The US needs more workers with non-bachelor’s credentials
Two recent research reports, one from Georgetown University's Center on Education and the Workforce (CEW) and another from Ivy Tech Community College, in collaboration with TEConomy Partners, LLC, focus on credential shortages that are keeping many jobs that don't require a bachelor's degree unfilled.
The CEW study examines high-paying middle-skills career worker shortages nationwide, a category that encompasses jobs requiring an associate's degree or certificate and paying more than $55,000 per year. Researchers concluded that the U.S. must produce 712,000 additional certificates and associate's degrees to prepare the workforce for these opportunities. They emphasized that filling these shortages could present significant opportunities for men and women of all races and ethnicities to gain high-paying middle-skills occupations. Shortages are expected to persist through 2032.

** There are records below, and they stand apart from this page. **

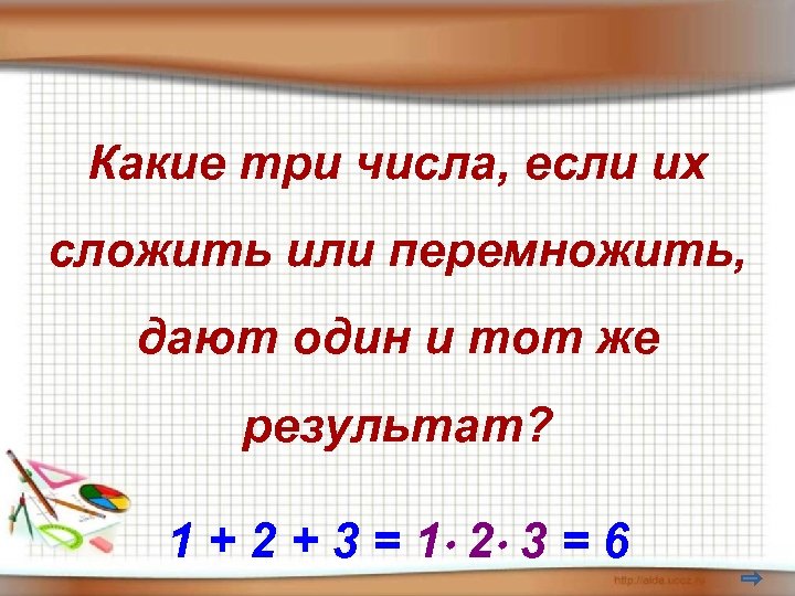 Какие три числа, если их сложить или перемножить, дают один и тот же результат? 1 + 2 + 3 = 1 2 3 = 6
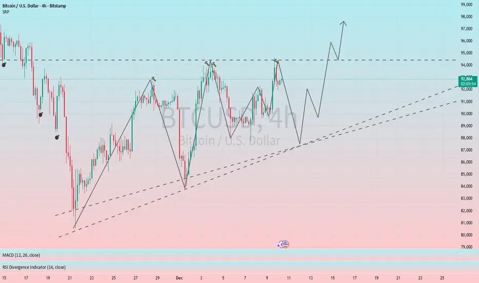 From the 4H chart, BTC's short-term trend has formed an ascending triangle pattern, which is a typical bullish pattern. Short-term resistance is located at 93500-94500, a break above this level would likely lead to further gains. The key support level to watch is 88000-87500. If the price retraces to this range, we can consider going long on BTC.
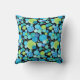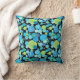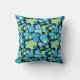 A stylish Cushion or Throw Pillow, with a quirky 'Blue Moons' pattern in bright blues and neon green on a black background; from a handpainted paper collage design by Judy Adamson. Part of the Posh & Painterly 'Blue Moons' range.
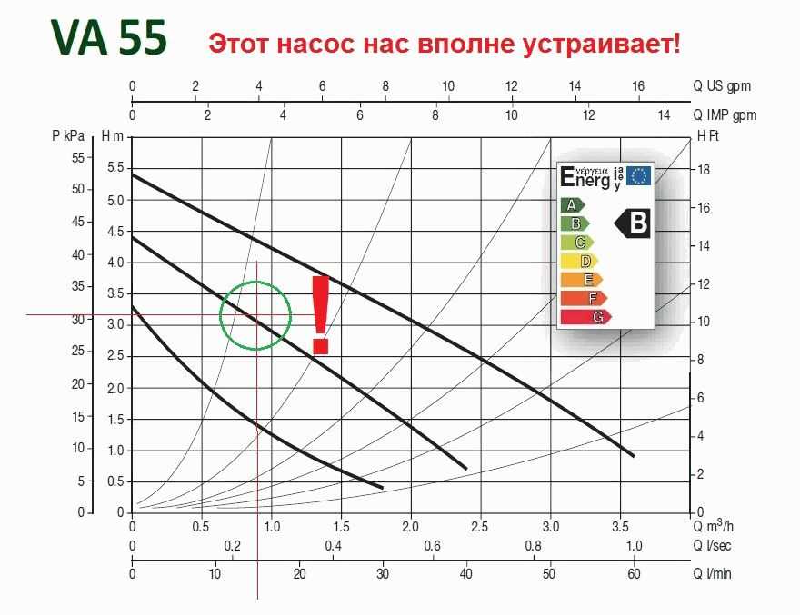 Тут расстояние между точками A и B – минимальны, и поэтому данный насос подходит.
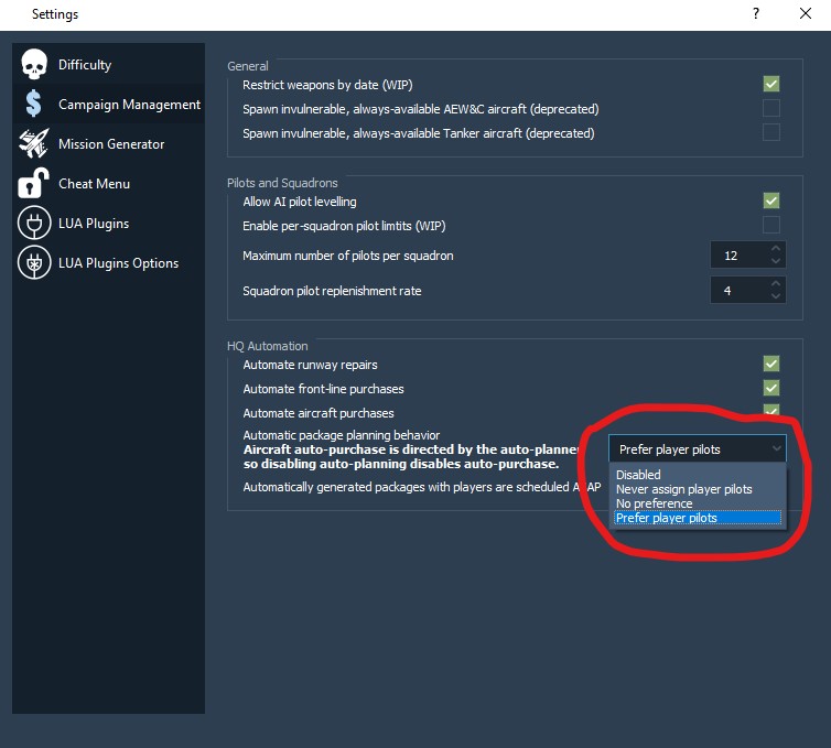You can read about the various options available here. For now, we are going to ask Liberation to run the mission planning for us, and set this to "Prefer player pilots", to make sure that sorties get assigned to human pilots first, and flights will only be assigned to AI after all human pilot slots are filled.

The Ivy Tech-TEConomy report also reports on the need for non-bachelor's education to prepare the workforce, but through a slightly different lens. It considers the specific workforce needs in Indiana through 2035, focuses on non-credit credentials, and includes jobs below the $55,000 threshold. They looked at workforce needs trends in the state's key industry sectors (advanced manufacturing; business, logistics, and supply chain; healthcare; and technology) and found that 69% of job openings in these sectors will require some form of postsecondary education and training. Over the next decade, Indiana will need to upskill or reskill more than 82,000 working adults annually through non-degree credentials to meet these evolving workforce needs.